Link to the type aggregate_type.
Link to the field added to the st_sp_chistics.
-
Alter and Create Aggregate functions: The CREATE FUNCTION query should store if the function is an aggregate/window/normal function in the aggregate field of the mysql.proc table. Alter query should allow user to change the aggregate field of the mysql.proc table.
Added the implementation of the Item_sum_sp class
This class is inherited from the Item_sum class.This class mainly deals with the concept of making an interface which allows user to execute aggregate functions.For executing the aggregate functions we have taken a special cursor approach.
-
Cursor Approach: A new instruction FETCH GROUP NEXT ROW instruction is introduced. This instruction handles the state the aggregate function is currently in. There is a field pause_state in the class sp_context.
pause_state is TRUE: In this case, the function enters the pause state and we save the state of the function. The instruction pointer(instr_ptr) continues to point to the FETCH GROUP NEXT ROW instruction, and the function makes a temporary pause in its execution and that the state of the function is saved. The function is paused so that next row values can be set for the function's arguments. After the values are passed to the arguments the function resumes execution.

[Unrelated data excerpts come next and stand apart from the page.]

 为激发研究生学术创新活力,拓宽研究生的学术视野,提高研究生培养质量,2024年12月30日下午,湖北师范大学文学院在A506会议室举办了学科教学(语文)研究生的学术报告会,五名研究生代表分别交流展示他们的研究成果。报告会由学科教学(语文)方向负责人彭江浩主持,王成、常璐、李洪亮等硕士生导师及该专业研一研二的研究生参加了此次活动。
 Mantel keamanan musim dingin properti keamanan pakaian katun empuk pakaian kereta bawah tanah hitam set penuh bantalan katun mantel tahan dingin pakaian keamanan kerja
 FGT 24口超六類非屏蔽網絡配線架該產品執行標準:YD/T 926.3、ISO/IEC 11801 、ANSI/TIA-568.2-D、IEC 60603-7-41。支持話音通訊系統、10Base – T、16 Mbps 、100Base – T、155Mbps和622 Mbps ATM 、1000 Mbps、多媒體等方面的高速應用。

pause_state is FALSE: In this case, the function exits from the pause state and resumes execution. The instruction pointer(instr_ptr) is then incremented and now it points to the next instruction to be executed.
-
Item_sum_sp::add() function added: This function handles everything that is done regarding the aggregation of values.

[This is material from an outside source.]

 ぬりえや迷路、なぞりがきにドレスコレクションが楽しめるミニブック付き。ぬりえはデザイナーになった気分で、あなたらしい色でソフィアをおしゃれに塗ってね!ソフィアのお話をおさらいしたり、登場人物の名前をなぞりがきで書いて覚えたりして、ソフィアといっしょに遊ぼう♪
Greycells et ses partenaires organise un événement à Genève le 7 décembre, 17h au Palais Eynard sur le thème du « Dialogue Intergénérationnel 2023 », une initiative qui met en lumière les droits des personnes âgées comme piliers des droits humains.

Item_sum_sp::execute_impl(): Execute function and store the return value in the field. This is called from the add() function to aggregate the values and from execute() to return the value in the sp_result_field(field defined in the Item_sum_sp class).
sp_head::execute_aggregate_function(): This function is called from the execute_impl function. In this function the run-time context(func_ctx) is created. I have followed a different approach when the function fetches the row so as to set the values to the parameters. When we call the function for the first time(that is when the first row is fetched), the run-time context is created but the values to the arguments are not set. These values are set when we encounter a FETCH GROUP NEXT ROW instruction and pause the aggregate function. Then after the pause, the values to the parameters are set and the function resumes execution. For the next fetch we don't need to create the context as we preserve the earlier run-time context(func_ctx). The values to the parameter are set straight away and then the rest of the instructions are executed.
Item_sum_sp::val_xxx() functions added: This function gets the return value for the current aggregate function and stores the value in the result field. A signal is send in the field server_status. The value for server status is set to SERVER_STATUS_LAST_ROW_SENT. This implies that all the rows have been fetched and now we need to throw an error that there is no more data (ER_SP_FETCH_NO_DATA), so this error is handled by the handler. The handler handles the error and the function execution is complete.